■ Problem requirements
Wherever a picture appears, skip it and retype the rest of the data exactly.

■ Supplied information
--------------------------------------------------

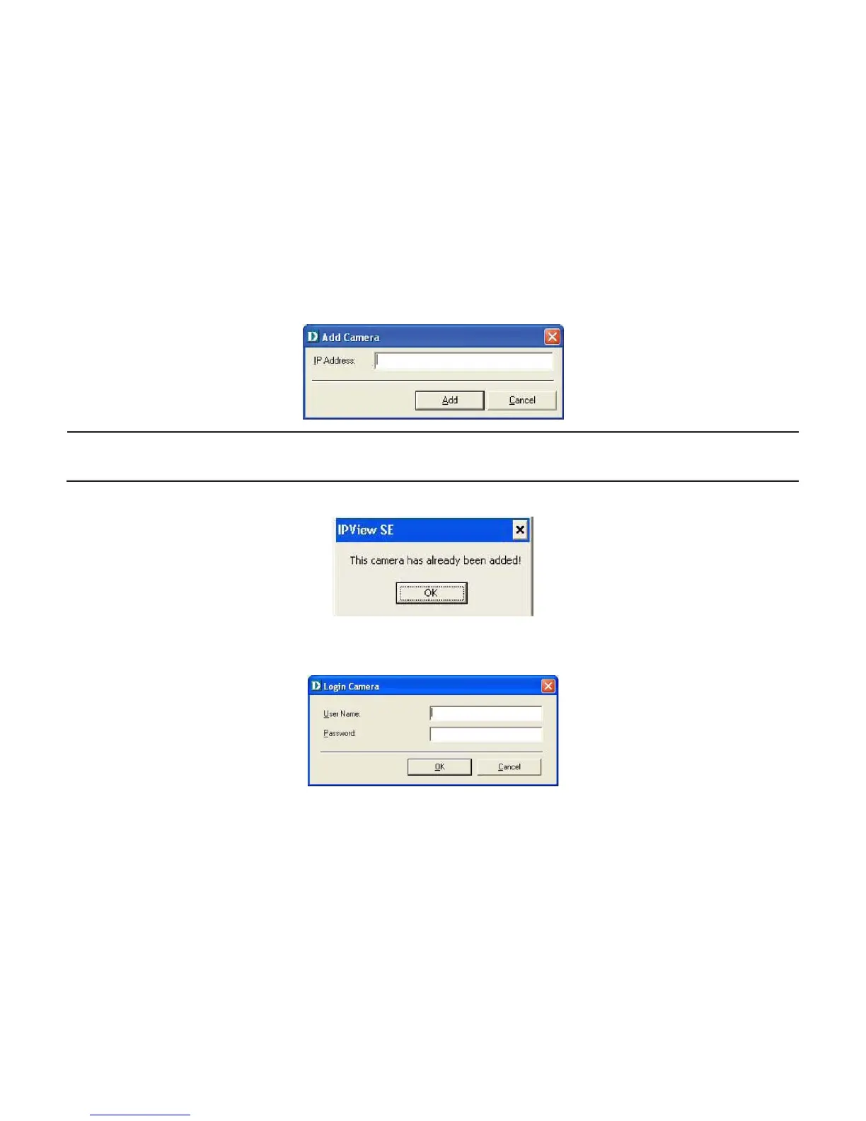 If the Login Camera dialog box appears, make sure to enter the correct User Name and Password. Click OK. The camera will be added into IPView SE. If the User
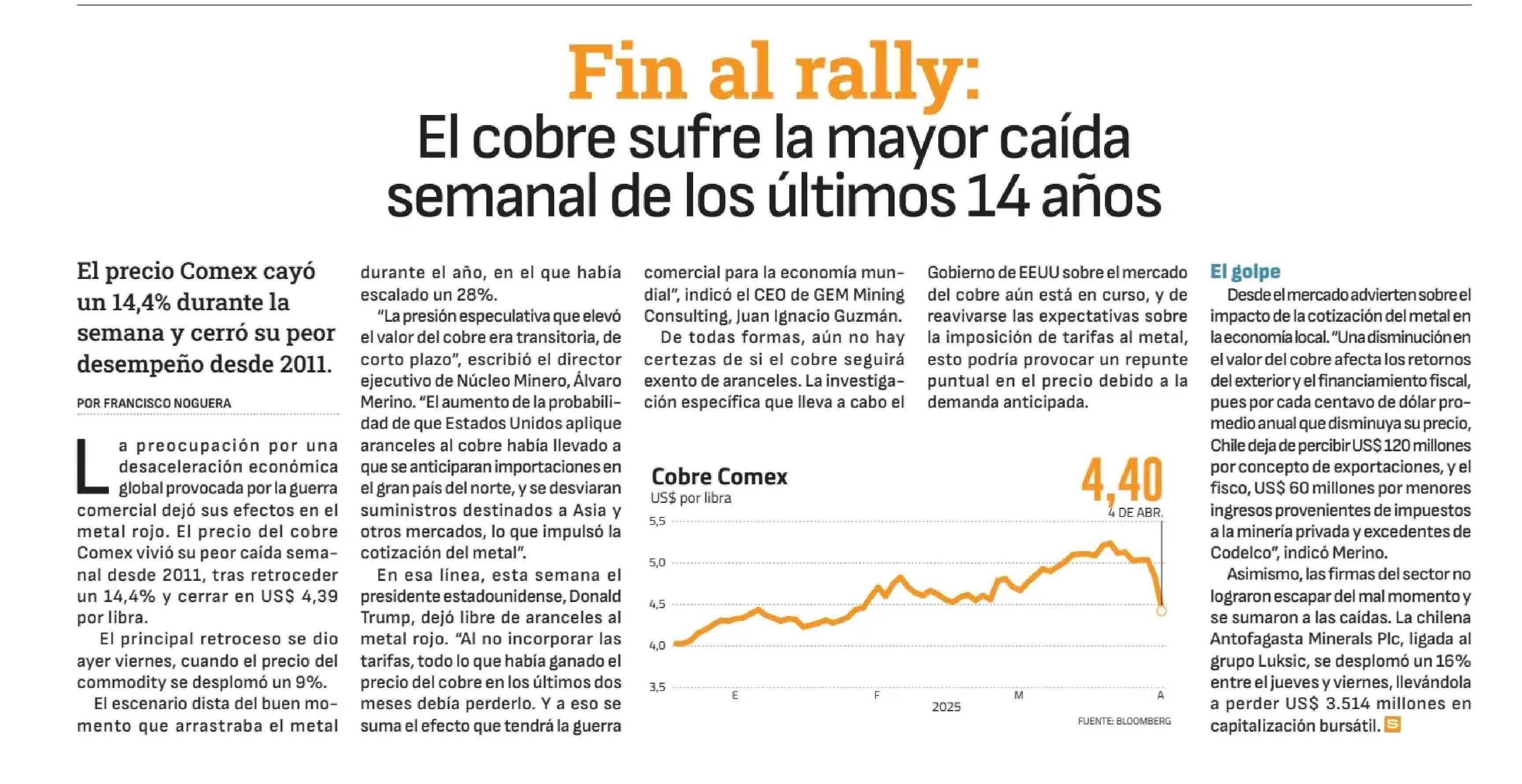 Fin al rally: El cobre sufre la mayor caída semanal de los últimos 14 años 05-04-2025 Diario Financiero |
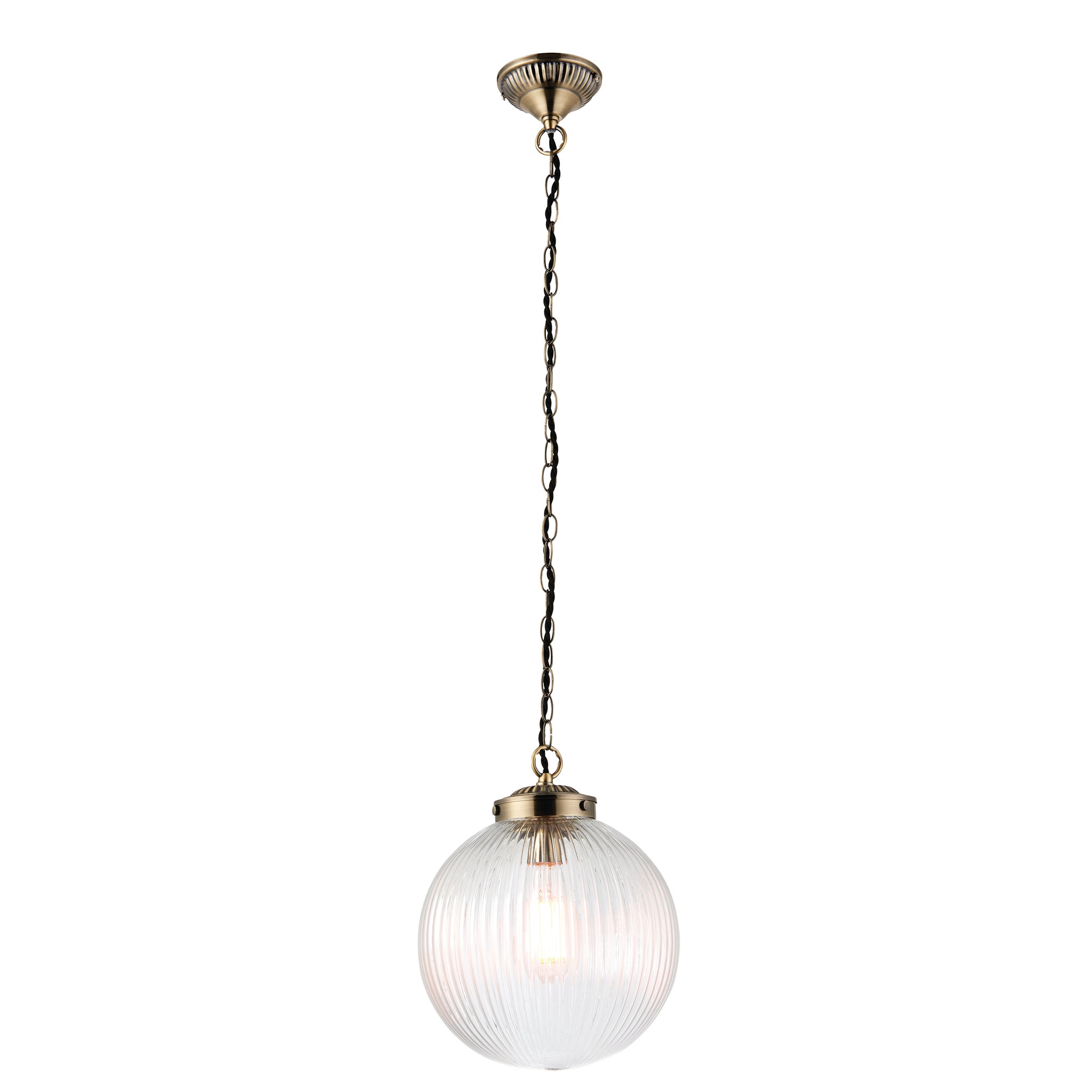 This ceiling pendant features a ribbed round glass shade hanging from a decorative chain finished in antique brass. Compatible with LED lamps, this fitting can also be dimmed. Choice of size available

--------------------------------------------------

■ Task output
 If the Login Camera dialog box appears, make sure to enter the correct User Name and Password. Click OK. The camera will be added into IPView SE. If the User
 Fin al rally: El cobre sufre la mayor caída semanal de los últimos 14 años 05-04-2025 Diario Financiero |
 This ceiling pendant features a ribbed round glass shade hanging from a decorative chain finished in antique brass. Compatible with LED lamps, this fitting can also be dimmed. Choice of size available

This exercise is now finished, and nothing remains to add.